• Exercise goal: Repeat the data that follows verbatim. Images are not part of the copy.

• Given data:
[Start of Attachment]

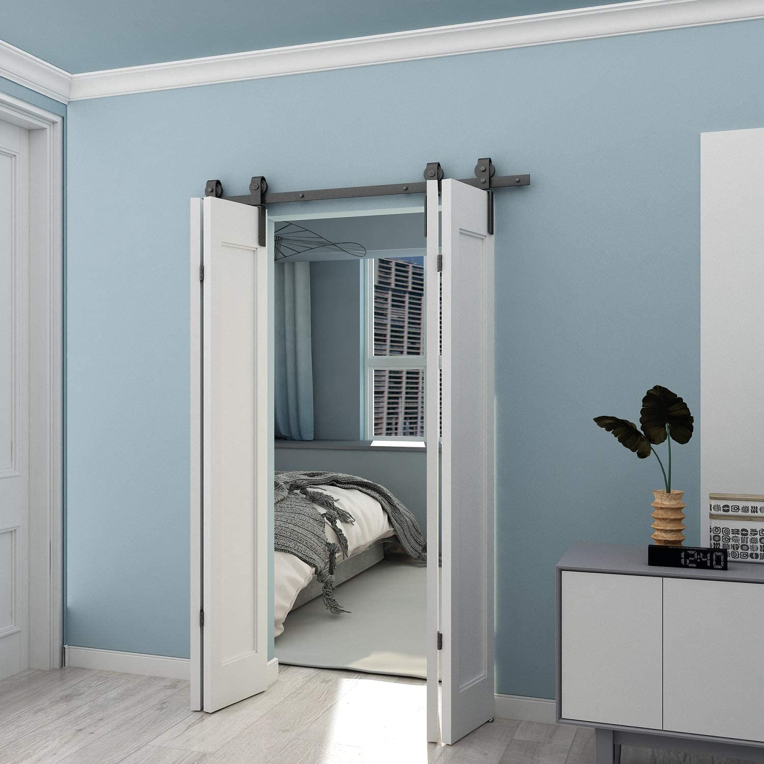 JUBEST Matte Black Steel Bifolding Standard Double Door Barn Door
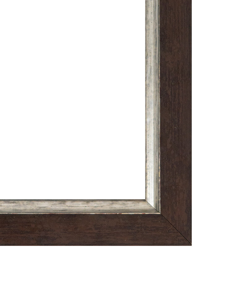 Een mooi afgewerkte rood/bruine lijst met zilveren rand van het type DLF350
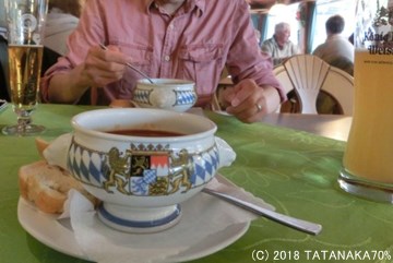 午後2時近くになって、麓まで降りてきた僕らは遅めの昼食を摂ることにした。人が集まるところなので当然のようにレストランがある。少し時間が遅いけれど、それでもほとんど全ての席が埋まっているようだった。僕は車の運転があるのでノンアルコールビールで我慢するけれど、ツマは羨ましそうに上目で睨む僕に遠慮することなく白ビールを注文し、グビリと飲んだ。ツマはビールは苦手だけれど、白ビールは好きなようだ。逆に僕は白ビールのスッキリ爽やかした味とツンと華やかな香りが苦手で、どちらかというとどっしりとした苦いビールの方が好きだ。食事は、このバイエルン地方の名物、グラーシュというビーフシチューにした。バイエルンの象徴、白と水色の菱形で彩られた小さな壺のような器で供されるそれはまさに絶品、こんな観光地に寄生しているレストランなどちゃんちゃらおかしくて、などとは決して言えない、本格的な本物の名物料理なのだった。ここでもまた、僕らはとんでもなく旨い料理を堪能したのだった。だけどねえやっぱりビール飲みたいよビール。
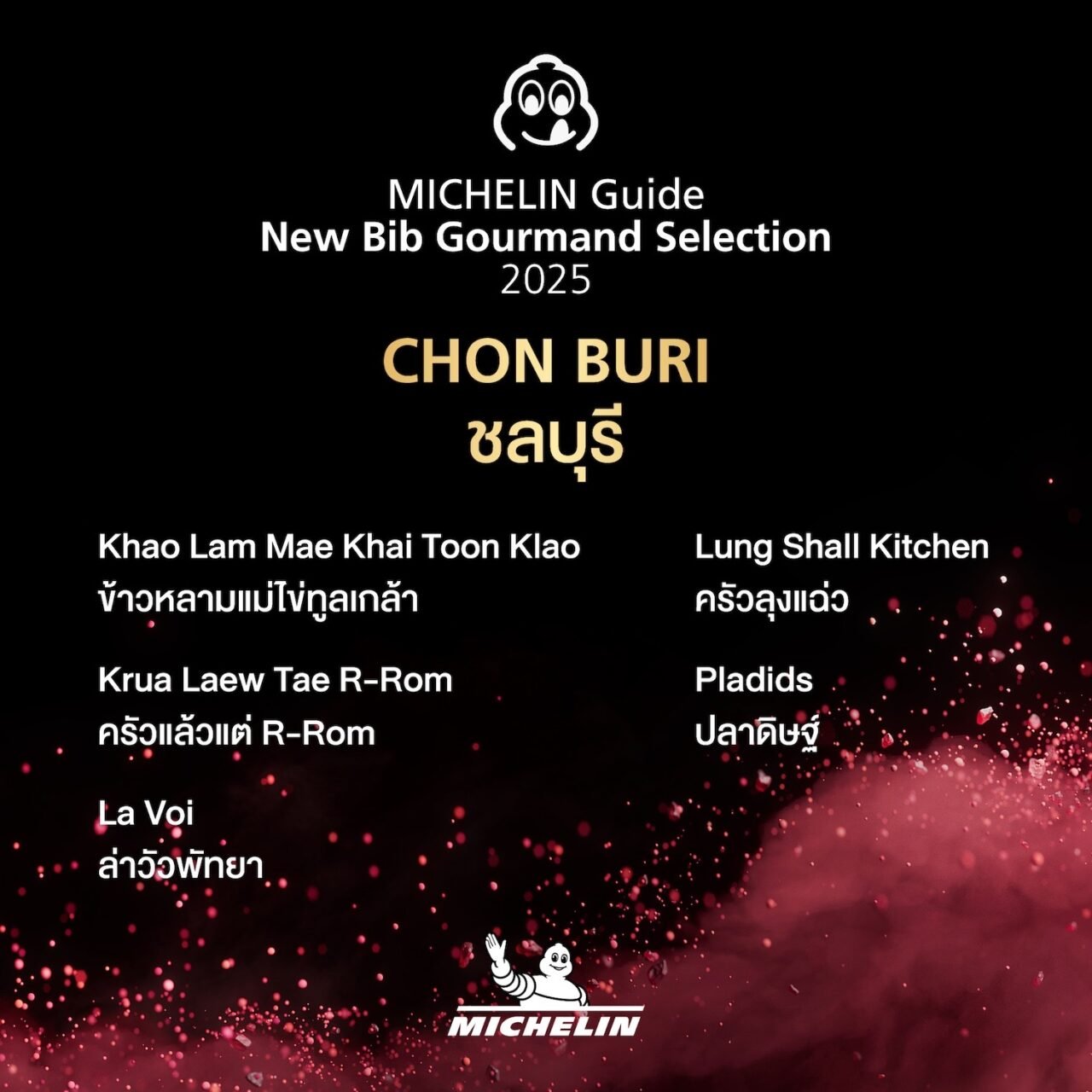 เกว็นดัล ปูลเล็นเนค(Gwendal Poullennec)ผู้อำนวยการฝ่ายจัดทำคู่มือ‘มิชลิน ไกด์’ทั่วโลก เปิดเผยว่าเพื่อจุดกระแสความสนใจต่องานประกาศผลรางวัลดาวมิชลิน ซึ่งจะจัดขึ้นในวันที่28พ.ย.2567นี้มิชลินได้เผยรายชื่อร้านอาหารคุณภาพดีราคาย่อมเยา ที่ผ่านการคัดเลือกให้ได้รับรางวัล ‘บิบ กูร์มองด์’(Bib Gourmand)ประจำปี2568รวมทั้งสิ้น156ร้าน ในจำนวนนี้เป็นร้านที่ติดอันดับในคู่มือ‘มิชลิน ไกด์’ประเทศไทยครั้งแรก20ร้าน โดย5ร้านอยู่ในจังหวัดชลบุรี ซึ่งเป็นจุดหมายปลายทางใหม่ที่คู่มือ‘มิชลิน ไกด์’ฉบับประเทศไทย ประจำปี2565(The MICHELIN Guide Thailand 2025)ขยายขอบเขตเข้าดำเนินการสำรวจและจัดอันดับเป็นปีแรก

[End of Attachment]

• Result below:
 JUBEST Matte Black Steel Bifolding Standard Double Door Barn Door
 Een mooi afgewerkte rood/bruine lijst met zilveren rand van het type DLF350
 午後2時近くになって、麓まで降りてきた僕らは遅めの昼食を摂ることにした。人が集まるところなので当然のようにレストランがある。少し時間が遅いけれど、それでもほとんど全ての席が埋まっているようだった。僕は車の運転があるのでノンアルコールビールで我慢するけれど、ツマは羨ましそうに上目で睨む僕に遠慮することなく白ビールを注文し、グビリと飲んだ。ツマはビールは苦手だけれど、白ビールは好きなようだ。逆に僕は白ビールのスッキリ爽やかした味とツンと華やかな香りが苦手で、どちらかというとどっしりとした苦いビールの方が好きだ。食事は、このバイエルン地方の名物、グラーシュというビーフシチューにした。バイエルンの象徴、白と水色の菱形で彩られた小さな壺のような器で供されるそれはまさに絶品、こんな観光地に寄生しているレストランなどちゃんちゃらおかしくて、などとは決して言えない、本格的な本物の名物料理なのだった。ここでもまた、僕らはとんでもなく旨い料理を堪能したのだった。だけどねえやっぱりビール飲みたいよビール。
 เกว็นดัล ปูลเล็นเนค(Gwendal Poullennec)ผู้อำนวยการฝ่ายจัดทำคู่มือ‘มิชลิน ไกด์’ทั่วโลก เปิดเผยว่าเพื่อจุดกระแสความสนใจต่องานประกาศผลรางวัลดาวมิชลิน ซึ่งจะจัดขึ้นในวันที่28พ.ย.2567นี้มิชลินได้เผยรายชื่อร้านอาหารคุณภาพดีราคาย่อมเยา ที่ผ่านการคัดเลือกให้ได้รับรางวัล ‘บิบ กูร์มองด์’(Bib Gourmand)ประจำปี2568รวมทั้งสิ้น156ร้าน ในจำนวนนี้เป็นร้านที่ติดอันดับในคู่มือ‘มิชลิน ไกด์’ประเทศไทยครั้งแรก20ร้าน โดย5ร้านอยู่ในจังหวัดชลบุรี ซึ่งเป็นจุดหมายปลายทางใหม่ที่คู่มือ‘มิชลิน ไกด์’ฉบับประเทศไทย ประจำปี2565(The MICHELIN Guide Thailand 2025)ขยายขอบเขตเข้าดำเนินการสำรวจและจัดอันดับเป็นปีแรก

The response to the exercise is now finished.